Rina Mziyaye had been a domestic worker to Henry Nick, who was the likely father. Mziyaye had left her son as a baby and he was raised and adopted by the Sindane. The mother’s whereabouts could not be traced. Henry Nick was never there from the start, not after the sex. He probably never even owned up at all. Reminds you of slave times and the era of colonial and apartheid Immortality Acts when white males would have sex with their maids – more like sexually violate – and enslave or abandon their offspring without even so much as a thank you for the bang. Read the archival records related to the charges, prosecutions and sentencing under the Immorality Act if you doubt me. It’s all there.


The storm of reports on Sindane’s murder state that he was killed on Easter Sunday, possibly over a bottle of brandy purchased at JZee Tavern in Tweefontein, Mpumalanga Province, where he had been drinking. The apparent manner of death was a blunt object, a stone to be precise. His body was found on Easter Monday by a passerby on piece of a rocky veld full of litter.

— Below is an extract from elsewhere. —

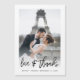 Esta placa apresenta " love & obrigados" em letras portáteis por cima de uma fotografia.

The crime writer and journalist Margie Orford also remarked about the unusualness of the media reporting so much on Sindane’s murder: ‘That the press remarked on this at all is unusual’, she wrote; ‘there are so many deaths like this every weekend. …Many will have been murdered: a knife in the belly, a bullet in the head or blunt-force trauma to the skull. Nearly all will be men – young, poor and black – caught in the cross-hairs of poverty and rage. These are rarely the bodies that matter.’


I wish the reports about Happy Sindane’s death implied that his life, and his cruel manner of death, actually mattered. But of course they don’t. I don’t believe this means that from now on we shall see a society that feels the lives of all young poor men actually matter, well, except when they rape and murder others, if that can be thought as mattering.


I think what reports on the death of Sindane show is, paradoxically, that we don’t care enough for young, poor black and coloured men. What the reports on Sindane underlined is that he was, is, a symptom of our society’s psychosocial malaise. The report on his life and death are symptom of the hegemonic white patriarchal racist traumatization that emerges in our repetition, in our replaying of the same story over and over again, if in slightly different guises. This was about our continued enchantment with race. There was, in addition, a knowingness that communicated, ‘you see what happens when you don’t stick to your race’, as though it would have saved the young man from such an unhappy end if he had been purely lack. In Sindane’s possibly unloved conception to his cruel demise also converged society’s attitude to poor young coloured and black men’s lives – the racialised fears and fascination with them, the pervasive indifference and criminalization of their lives. That attitude, in other words, remains fundamentally characterized by ideology of white patriarchal racial inequality.


In Sindane’s country, a white rich father is the surest way to a better death. Sindane intuitively knew this when he walked into that police station as a teenager. Even better, he knew that in this country we call home, a white rich father still means a much better life than the one he got.